Машинистка милиции нужна была позарез. Бумаг писалось много, а тут подвернулся такой случай — и человек вроде приятный, и документы хорошие: дочь учителя, с шестью классами гимназии. Со временем, когда осмотрится, можно будет передать ей и делопроизводство, непосильным бременем легшее на плечи Дынникова после того, как он собственноручно подписал ордер на арест делопроизводителя, прикарманившего реквизированный в пользу государства браслет с камушками. Словом, дело бы для Кати нашлось, поэтому Дынников и галантничал, и обхаживал ее, и теперь медлил отпускать, опасаясь, что она до утра передумает, а где он еще сумеет сыскать машинистку в разоренном гражданской и бандитами городке?
“Ремингтон”, надраенный наждаком, великолепно сиял, от него густо пахло керосином.

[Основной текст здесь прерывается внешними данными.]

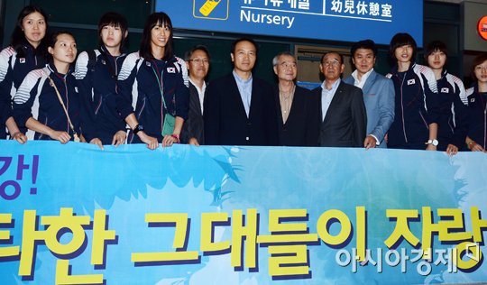 [인천=아시아경제 정재훈 기자] 2012 런던 올림픽에서 4위의 성적으로 선전한 여자배구 대표팀이 13일 오후 인천국제공항을 통해 귀국했다. 임태희 대한배구협회장이 공항을 찾아 선수단과 기념촬영을 하고 있다.

Дынников достал из ящика лист хорошей бумаги и собственноручно заправил в машинку, сдув предварительно пыль с черного каучукового валика.
— Сейчас и приказ соорудим.
— Приказ? — спросила Катя.
— По всей форме: зачисляется гражданка Истомина Екатерина на должность с декабря месяца пятого дня двадцатого года.
— Сейчас писать? — сказала Катя, и в глазах у нее промелькнул ужас.
— Передумали?
— Нет, почему же! — сказала Катя решительно и подвинулась к столу. — Диктуйте, пожалуйста.
— Пишите: приказ…
Катя ударила по клавише, и “ремингтон” содрогнулся. Машинка гудела, а Дынников холодел от неприятных предчувствий.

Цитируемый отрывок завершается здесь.